(2022-3)207 PLR 374
punjab and haryana HIGH COURT
Before: Mr. Justice Anil Kshetarpal.
SATNAM SINGH (SINCE DECEASED) THROUGH HIS LEGAL REPRESENTATIVE – Appellant,
Versus
PARAMJIT SINGH and others – Respondents.
Regular second appeal No. 1915 of 2016 (O&M)

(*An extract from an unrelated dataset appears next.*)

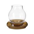 El vidrio transparente, combinado con el tinte marrón, refleja y potencia la cálida luz de la llama de la vela.

Set Off – The plea of set off can be availed in a suit for recovery of money where the defendant claims that he has also to recover certain amount from the plaintiff and therefore, if any amount is payable by the defendant to the plaintiff, then he is entitled to set off that amount from the amount recoverable from him – In the present case, the position is entirely different. By reason of a special contract between the parties, the amount of earnest money has been forfeited – It is well settled that for forfeiting the amount of earnest money, the defendant is not required to prove damages. [Para 8]
Cases referred to:-
1. (2019-2)194 PLR 618, Ran Singh v. M/s Capex Projects Pvt. Ltd.
2. RSA No. 4698 of 2017, decided on 22.01.2020, Om Parkash v. M/s Ganga Developers Private Limited.
3. (2015)2 SCC (Civil) 502, Kailash Nath Associates v. Delhi Development Authority
4. (1969)3 SCC 522, Shree Hanuman Cotton Mills v. Tata Air Craft Ltd.
5. (2013)1 SCC 345, Satish Batra v. Sudhir Rawal.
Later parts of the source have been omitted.